Geometric and appearance-based features are commonly used in facial expression recognition. In this study, we focus on spatial features, which are a type of geometric feature. Spatial features are calculated using the displacements of a combination of facial landmarks. Due to the high number of combinations, there are many potential spatial features, of which some are more descriptive. To provide the classifier with a descriptive subset of features with little redundancy, selection can be made based on prior knowledge [5, 6]. For example, Facial Action Coding System (FACS) defines a set of Action Units that produce expressions [1]. Another approach is to explicitly apply dimension reduction [7, 8] or let the classifier handle the selection [9]. As an alternative to these methods, we use a feature selection algorithm to form a descriptive feature subset.

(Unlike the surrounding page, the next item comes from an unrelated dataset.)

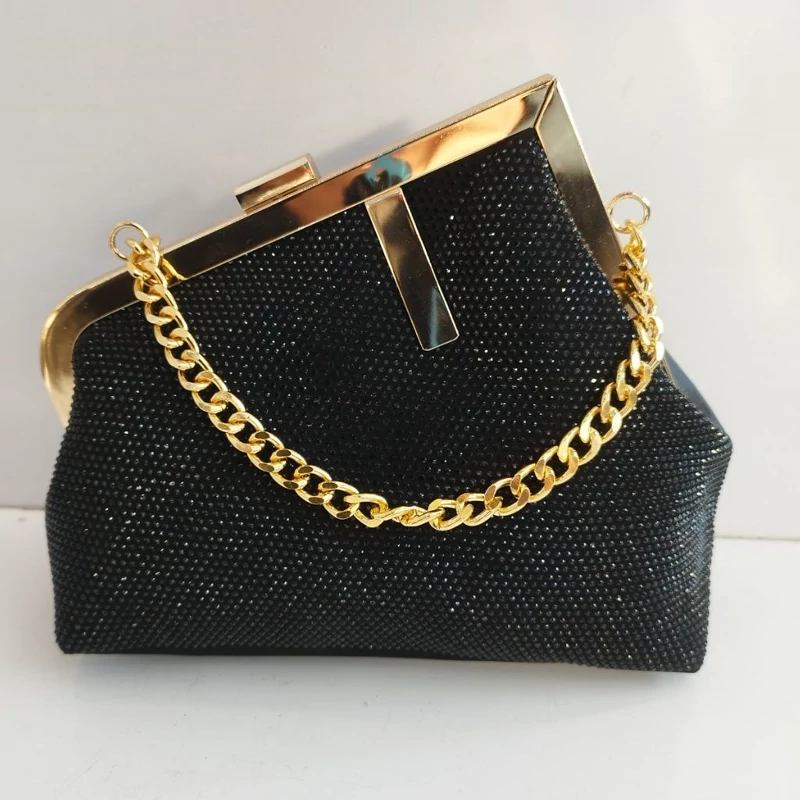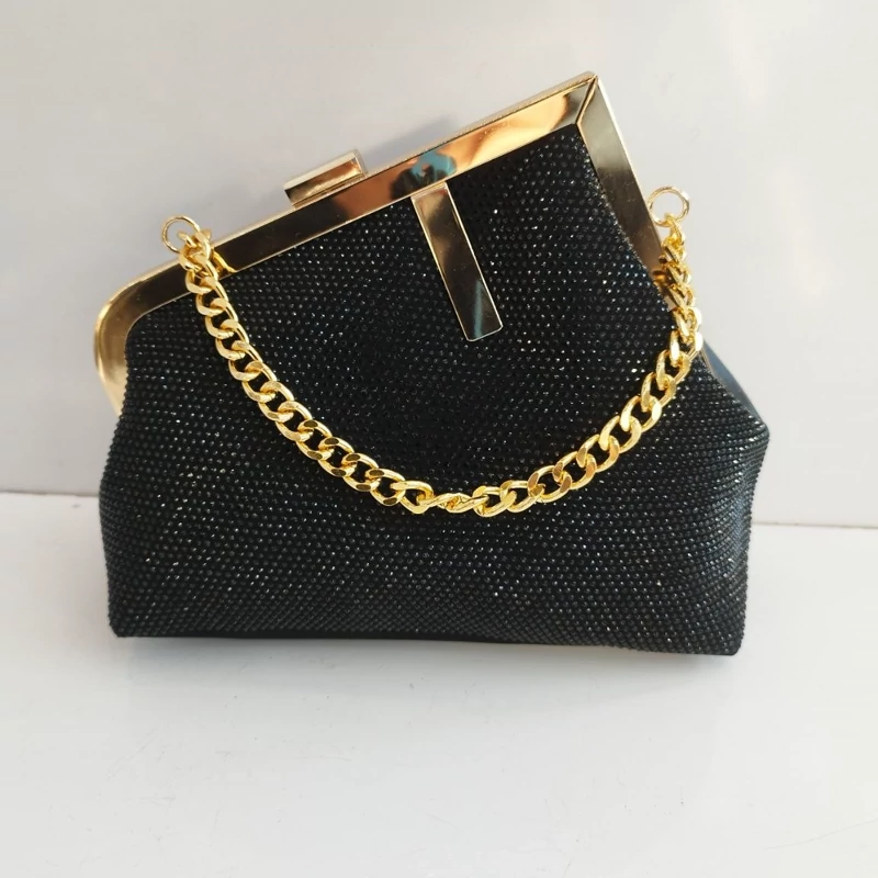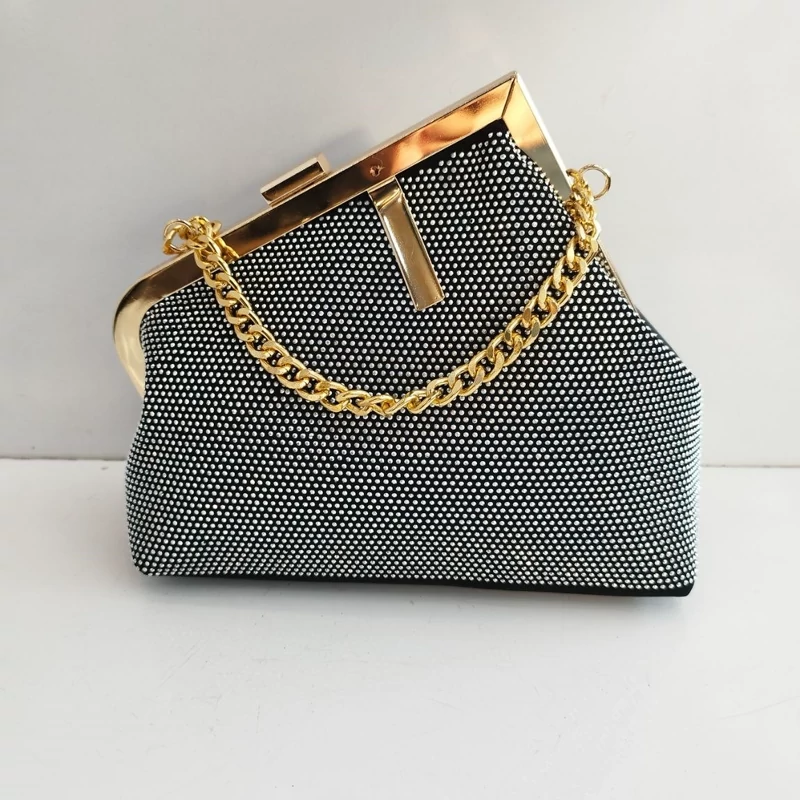 کیف زنانه و دخترانه مجلسی شیک نگین دار لبه طلایی

Two combinations of 68 facial landmarks result in 2278 landmark pairs. We handle horizontal and vertical distance variations between these landmark pairs as separate features, thus work with 4556 potential features. Forward sequential feature selection reduces the number of features to 7. The resulting subset of features is used for classification in the extended Cohn-Kanade dataset (CK+) [10]. By using the selected spatial features, 88.7% recognition accuracy is obtained. This result surpasses other methods using only geometric features, and can be improved by utilizing appearance-based features.
2 Related Work
Feature extraction and classification for facial expression recognition is a well-established problem in computer vision [11, 12]. Huang et al. use local binary patterns as appearance based features [7]. They build a canonical subspace of the subsequent frames, and model the lower-dimensional feature space using discriminative canonical correlation analysis.
Lucey et al. detect facial landmarks using active appearance models [10]. These landmarks are used to calculate similarity-normalized shape (SPTS) and canonical appearance (CAPP) features. Suk and Prabhakaran locate facial landmarks using an active shape model, and use displacements between landmarks located from neutral and expressive faces as features [6].
Chen et al. use appearance-based and geometric features [9]. Appearance-based features are represented by histogram of gradients (HOG) from three orthogonal planes. Geometric features are divided into two categories, namely rigid and non-rigid changes. Multiple kernel learning is used to find an optimal combination of these features. Turan and Lam extract features from the eye and mouth regions using local phase quantization and pyramid of HOG descriptors [13]. Features are fused using canonical correlation analysis and classified with SVM.
In our previous work, we used the variations in Euclidean distances between landmark pairs as spatial features [14], which gives slightly worse results than handling horizontal and vertical distances independently [10]. Leave-one-subject-out was used instead of 10-fold cross-validation, producing optimistic results due to CK+ dataset providing small number of examples for some classes.
Deep learning methods have grown to be an important part of literature for all computer vision problems. However, the modest sizes of current datasets may be limiting their prevalence in facial expression recognition [10, 15]. Deep learners optimize feature design, feature selection and classification steps jointly. Liu et al. design a deep belief net that trains for these steps iteratively [16].
3 Proposed Method
We start by detecting the face region with the Viola and Jones algorithm [17]. Then, 68 facial landmarks are localized using Kazemi and Sullivan’s method [18]. See Figure 1 for face detections and located landmarks on neutral and expressive face images taken from the CK+ dataset. The distances between landmark pairs change as the subject expresses an emotion. We use the horizontal and vertical variations in these distances as features. A descriptive subset is chosen among these features using forward sequential selection, and used for classification by an SVM.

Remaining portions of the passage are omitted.